Daiwa hat in einigen Rollen ein kleinen Gummiring auf dem Nocken montiert, um das sanft abzupuffern, auch ein Trick.

Jedenfalls dort muss zur Abmilderung sehr festes Fett hinein, bloß kein soft, sondern medium-hard.
Das ist für alle schlechter gelungenen RedArc/BlueArc/BlackArc/SaltArc oft die Lösung, festeres Fett auf dem Spulenhubtrieb.

Das zerkratzen der Laufflächen brachte natürlich das Gegenteil vom gewünschten Glättungseffekt. 
Sieht noch nach wenig Abbrieb aus, kann man auch wieder wirklich glätten.


----------



## bacboy (2. Februar 2022)

Bilch


Bilch schrieb:


> Hast zig Shops, Handloser wurde schon erwähnt.
> Die Kugellager mit Schieblehre vermessen und bestellen, werden sowieso alle in Chinesien hergestellt


Jupp, danke, den habe ich auf der vorherigen Seite ganz überlesen.
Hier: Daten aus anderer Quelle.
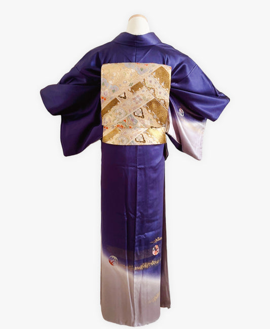 紅桔梗 紫系 暈し染め 駒刺繍 金彩 花草 雪輪 訪問着レンタル FW706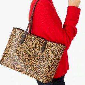 Kate Spade All Day Tote Leopard Brown Leather Shoulder Bag Purse Wristlet Set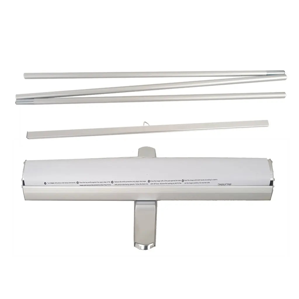 Three sizes are available: 33.5”, 24”, and 48”. The package includes a set of hardware and a carrying case. Hardware only. A graphic for the banner is not included.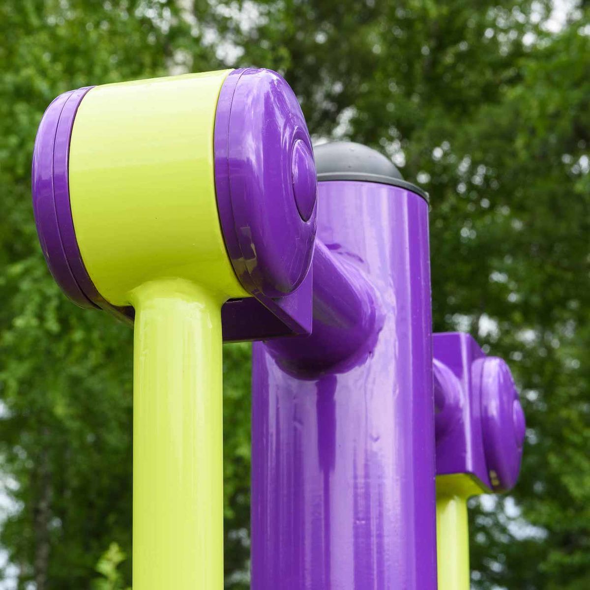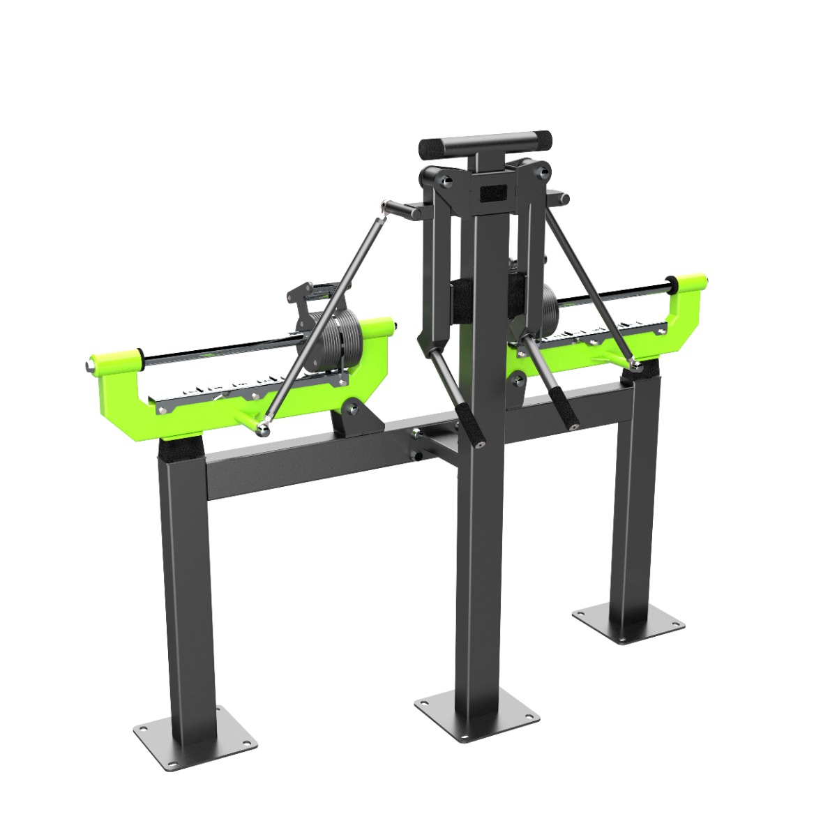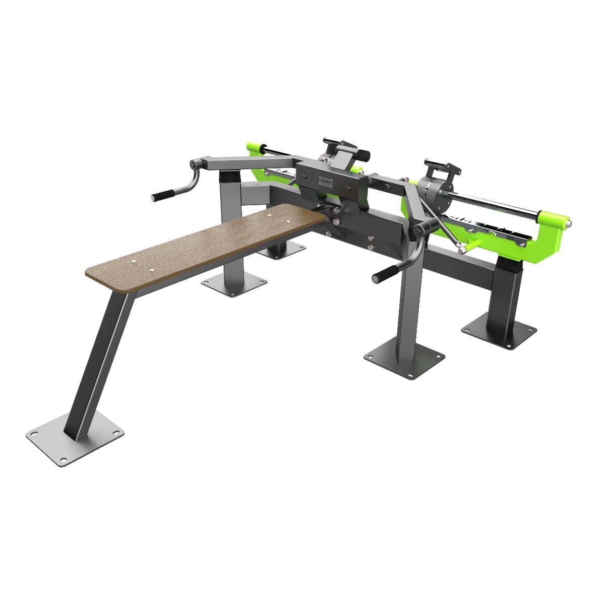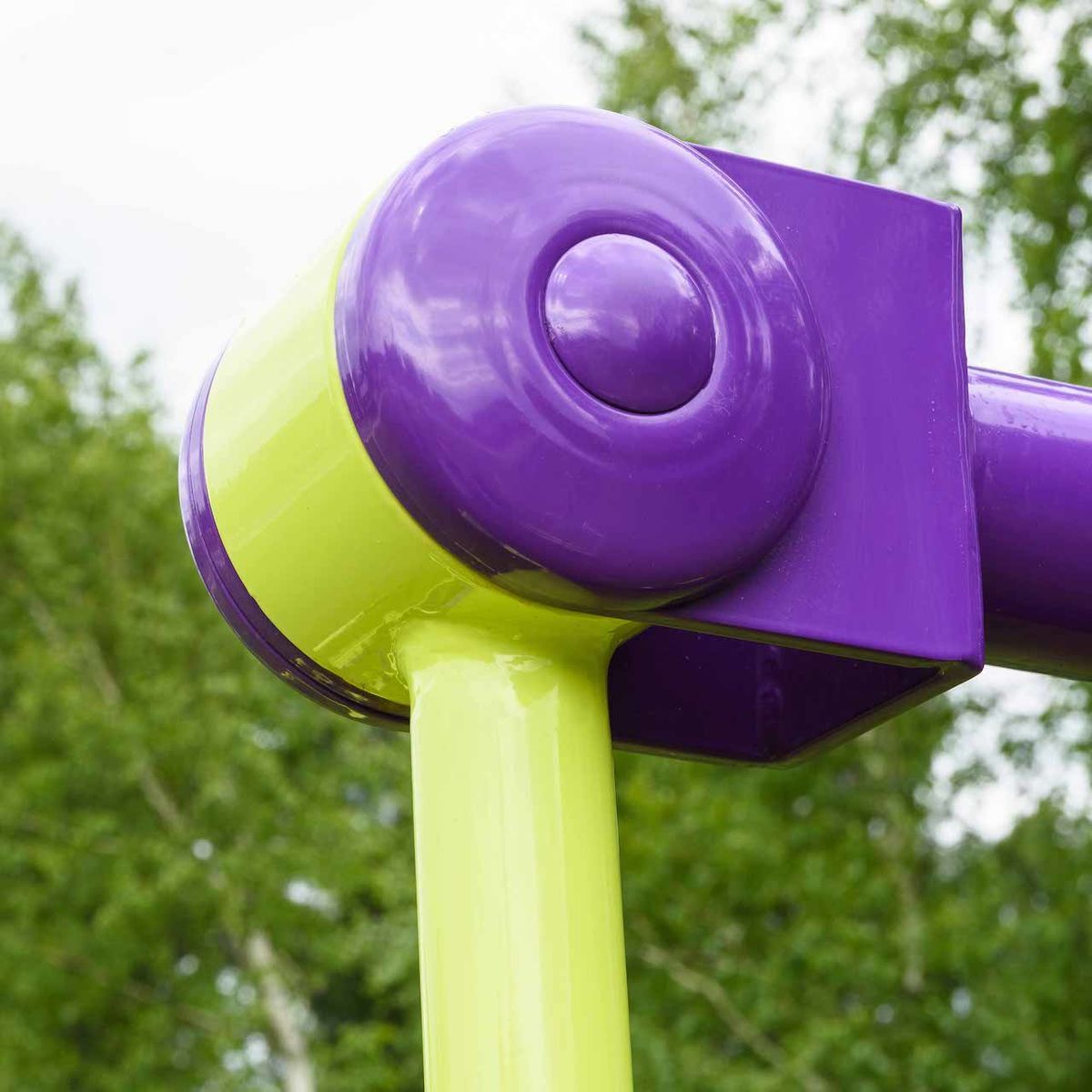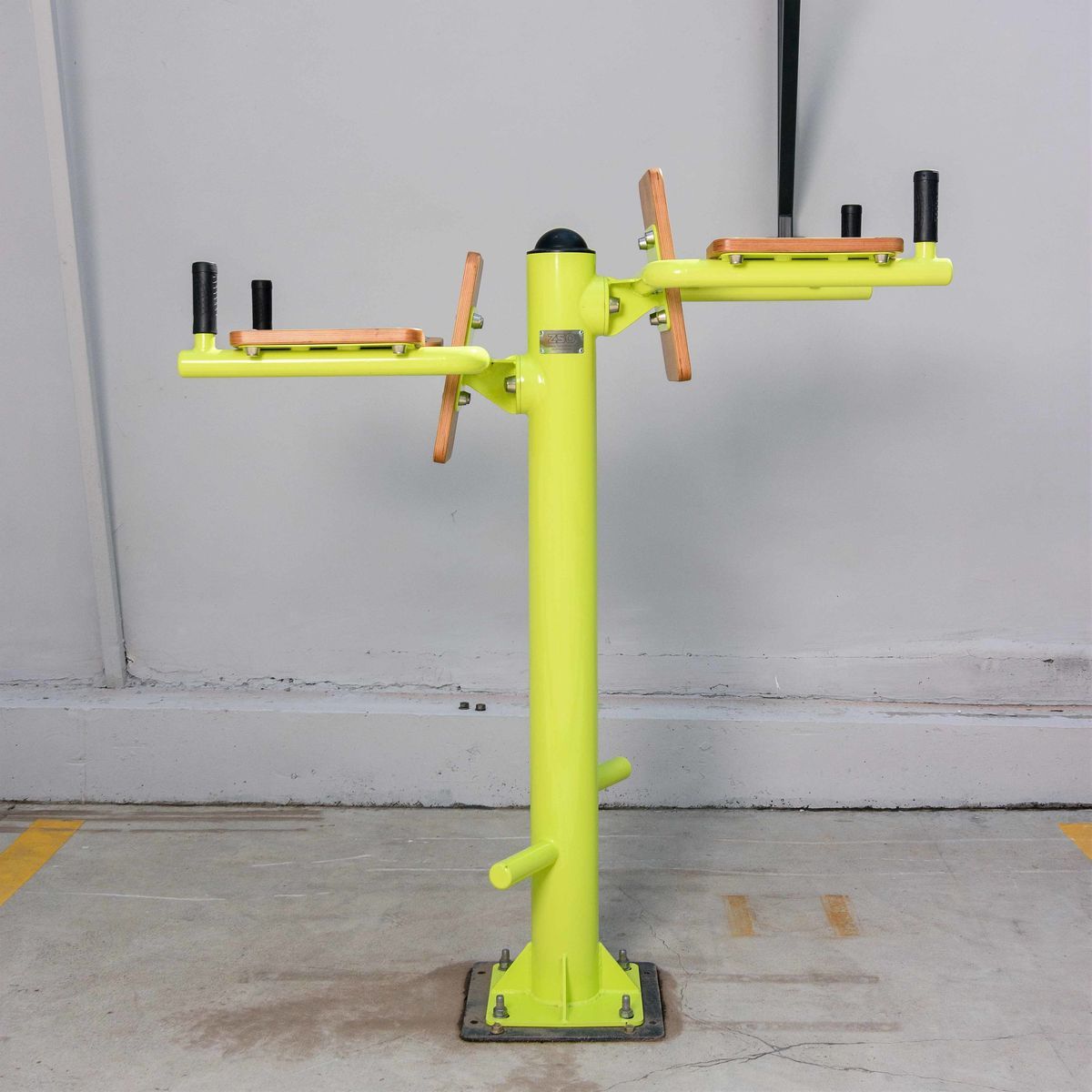 Оборудование состоит из опорного столба, рычагов со спинками и сиденьями, упоров для ног и закладной. Закладная монтируется в грунт и заливается бетоном. Опорный столб крепится к закладной за счет фланцевого соединения и отсыпается песчано-гравийной смесью до уровня площадки. Фланцевое крепление позволяет надёжно смонтировать оборудование и беспрепятственно демонтировать при необходимости обслуживания. Монтажные схемы прилагаются к комплекту поставки.
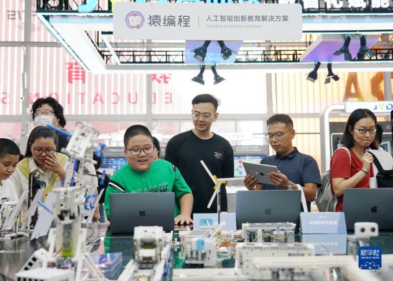 9月3日,在首鋼園教育服務(wù)專題展區(qū),小朋友在體驗(yàn)智能硬件編程作品。

Kommt es da auf Millimeter an oder langt auch ein Zollstock zum Ausmessen? Eine Schieblehre habe ich nicht.


----------



## Professor Tinca (2. Februar 2022)

bacboy schrieb:


> Kommt es da auf Millimeter an



Ja!
Die Kugellager müssen genau passen.


----------



## bacboy (2. Februar 2022)

Nordlichtangler schrieb:


> Da hast du dein Umsetz-Spiel!
> Daiwa hat in einigen Rollen ein kleinen Gummiring auf dem Nocken montiert, um das sanft abzupuffern, auch ein Trick.
> 
> Jedenfalls dort muss zur Abmilderung sehr festes Fett hinein, bloß kein soft, sondern medium-hard.
> Das ist für alle schlechter gelungenen RedArc/BlueArc/BlackArc/SaltArc oft die Lösung, festeres Fett auf dem Spulenhubtrieb.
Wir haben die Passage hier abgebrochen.